Plotting x-axis rotation of a cycloid arch of radius 1

Question

I am trying to plot a rotation about the x-axis of this cycloid function to show the volume of the surface of revolution.

This is what the curve looks like. Ignore the purple cirlce.

The is the code I am using, I don't know how to get the sphere to show up.

\begin{tikzpicture}
        \begin{axis}[
            title=Revolution of one arch of cycloid,
            colormap/cool,
                    ]
            \addplot3[
                mesh,
                samples=50,
                domain=-8:8,
                    ]
            {-cos^3(t)+3cos^2(t)-3cos(t)+1};
\addlegendentry{$\pi \int_{0}^{2\pi} -cos^3(t)+3cos^2(t)-3cos(t)+1 dt$}
\end{axis}
\end{tikzpicture}

I know the formula should be $\int_{a}^{b} (y^2(t))*(x'(t))$ but I just get confused by the LaTeX syntax.

Answer 1

Use the same technique that one transforms polar coordinate to cartesian coordinate.
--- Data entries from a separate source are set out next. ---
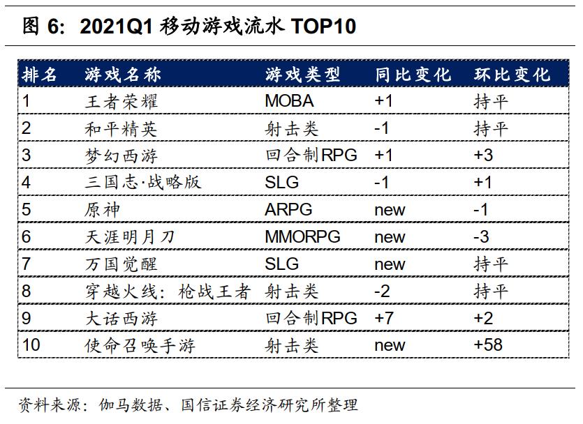 去年下半年以来,游戏行业正在崛起新势力。以《原神》开发商米哈游为代表的独立游戏公司证明了二次元游戏的生命力,而这是腾讯所不具备的。上个季度,米哈游成为了全球收入增长最快的手游厂商,与腾讯、网易包揽 12 月全球收入前三。2021Q1,《原神》仍然跻身移动游戏流水 TOP5。
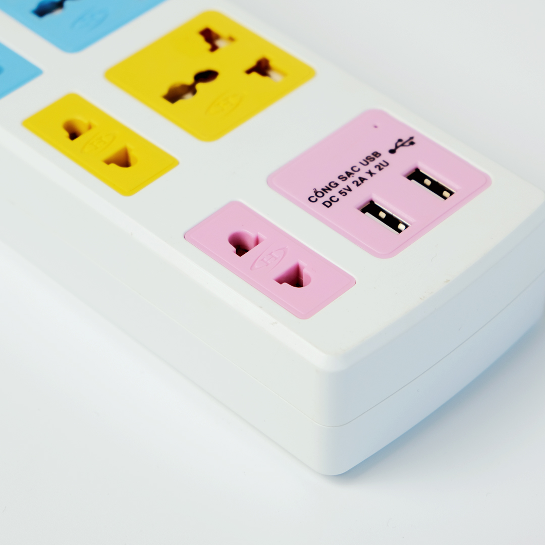 Ổ cắm 3 ổ đa năng + 2 ổ cắm USB cách điện bền đẹp - Chịu nhiệt, chống cháy: 750 độ C - Chiều dài dây điện: 1.8 mét - Chân tiếp xúc với
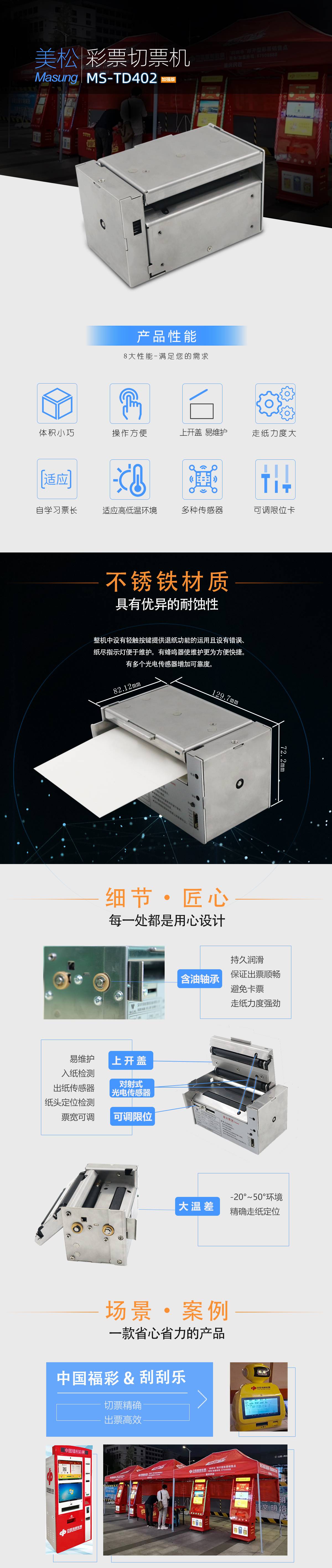 美松MASUNG自主研發(fā)即開(kāi)型彩票切票機(jī) 1.切刀是鈍刀鋒,沒(méi)有刀片磨損無(wú)法切票的情況,保證彩票的分割質(zhì)量 2.Windows/ Android在線遠(yuǎn)程升級(jí)功能 3.USB/RS232兩種接口,適用領(lǐng)域廣 4.送票軸有兩組,保證送票時(shí)順暢,避免卡票 5.不銹鐵材質(zhì),結(jié)構(gòu)強(qiáng)度高,工作可靠適用領(lǐng)域廣
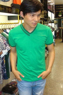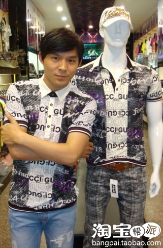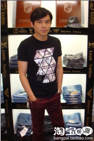 淡蓝色的T恤,加上蝴蝶花纹,男人偶尔也要清爽的一面。

\documentclass[border=9,tikz]{standalone}
\usetikzlibrary{3d}
\usepackage{pgfplots}
\pgfplotsset{compat=1.14}

\begin{document}

\begin{tikzpicture}[cap=round,join=round]
    \begin{axis}[axis equal,colormap/cool]
        \addplot3[surf,samples=40,domain=0:360,y domain=0:360,z buffer=sort]
            ({\x/57.29578-sin(\x)},{(1-cos(\x))*cos(\y)},{(1-cos(\x))*sin(\y)});
    \end{axis}
\end{tikzpicture}

\end{document}